School of Computer Science and Technology, Xi'an Jiaotong University, Xi'an 710049, China.
Shaanxi Engineering Research Center of Medical and Health Big Data, Xi'an Jiaotong University, Xi'an 710049, China.
Brief Bioinform. 2024 May 23;25(4). doi: 10.1093/bib/bbae266.
Non-invasive prenatal testing (NIPT) is a quite popular approach for detecting fetal genomic aneuploidies. However, due to the limitations on sequencing read length and coverage, NIPT suffers a bottleneck on further improving performance and conducting earlier detection.
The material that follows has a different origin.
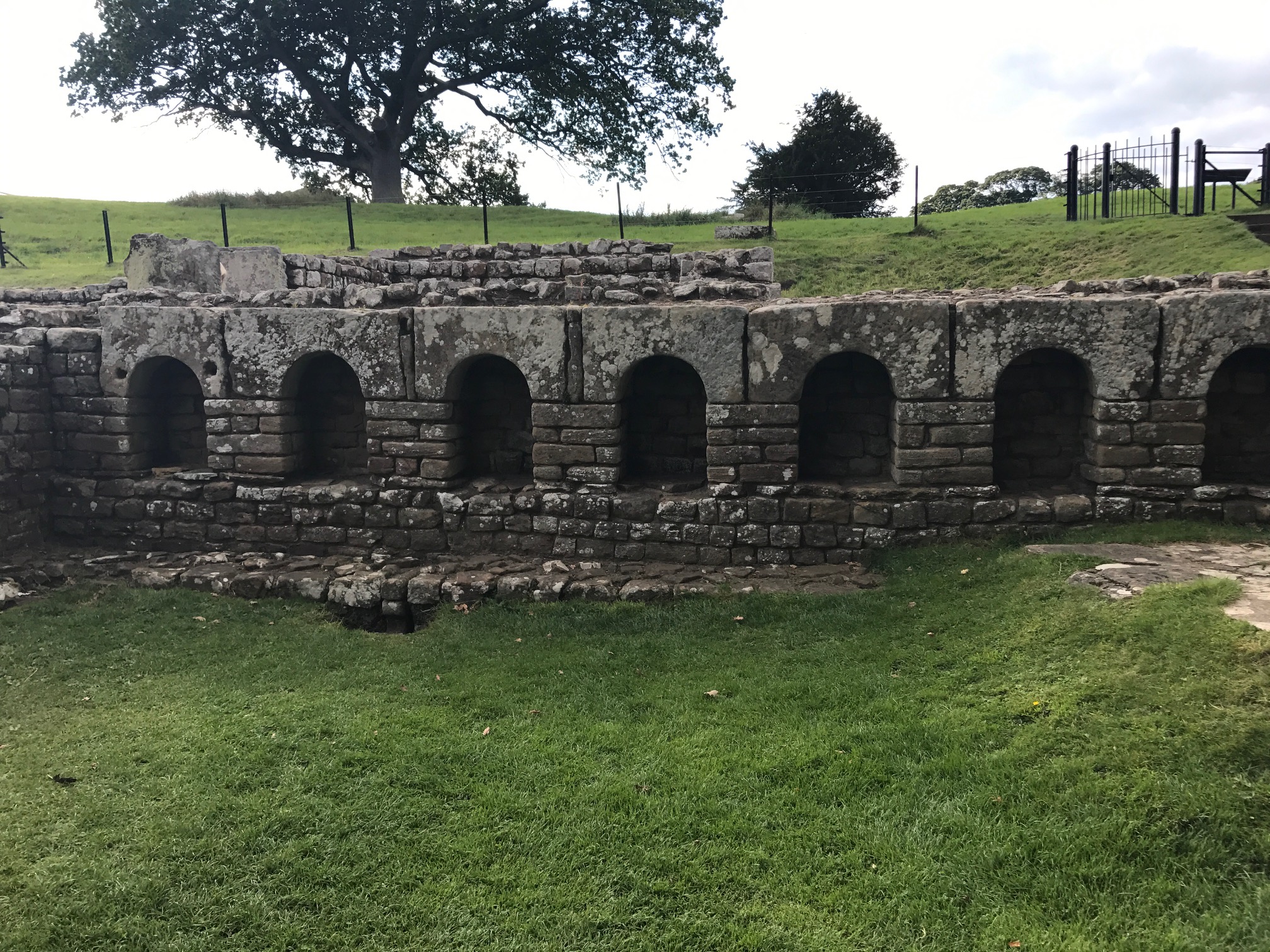 The star surviving remains are the garrison Baths, between the fort and the river. They are Hadrianic but heavily modified They famously have niches (possibly for clothes) in the large changing room, plus a surviving base of a window, stone channels with lead seals still remaining, and a latrine on the riverside. These bath would have been a welcome luxury for the elite soldiers stationed at Chesters.

The errors mainly come from reference biases and population polymorphism. To break this bottleneck, we proposed NIPT-PG, which enables the NIPT algorithm to learn from population data. A pan-genome model is introduced to incorporate variant and polymorphic loci information from tested population. Subsequently, we proposed a sequence-to-graph alignment method, which considers the read mis-match rates during the mapping process, and an indexing method using hash indexing and adjacency lists to accelerate the read alignment process. Finally, by integrating multi-source aligned read and polymorphic sites across the pan-genome, NIPT-PG obtains a more accurate z-score, thereby improving the accuracy of chromosomal aneuploidy detection. We tested NIPT-PG on two simulated datasets and 745 real-world cell-free DNA sequencing data sets from pregnant women. Results demonstrate that NIPT-PG outperforms the standard z-score test. Furthermore, combining experimental and theoretical analyses, we demonstrate the probably approximately correct learnability of NIPT-PG. In summary, NIPT-PG provides a new perspective for fetal chromosomal aneuploidies detection. NIPT-PG may have broad applications in clinical testing, and its detection results can serve as a reference for false positive samples approaching the critical threshold.
非侵入性产前检测(NIPT)是一种检测胎儿基因组非整倍体的常用方法。然而,由于测序读长和覆盖度的限制,NIPT 在进一步提高性能和进行早期检测方面存在瓶颈。这些错误主要来自参考偏倚和群体多态性。为了打破这一瓶颈,我们提出了 NIPT-PG,使 NIPT 算法能够从群体数据中学习。引入泛基因组模型来整合来自测试人群的变异和多态性位点信息。随后,我们提出了一种序列到图的对齐方法,该方法考虑了在映射过程中的读错配率,以及一种使用哈希索引和邻接列表的索引方法,以加速读对齐过程。最后,通过整合多源对齐的读取和泛基因组中的多态性位点,NIPT-PG 获得更准确的 Z 分数,从而提高染色体非整倍体检测的准确性。我们在两个模拟数据集和 745 个来自孕妇的真实无细胞 DNA 测序数据集上测试了 NIPT-PG。结果表明,NIPT-PG 优于标准 Z 分数测试。此外,通过实验和理论分析相结合,我们证明了 NIPT-PG 的可能近似正确学习性。总之,NIPT-PG 为胎儿染色体非整倍体检测提供了新的视角。NIPT-PG 可能在临床检测中有广泛的应用,其检测结果可以作为接近临界阈值的假阳性样本的参考。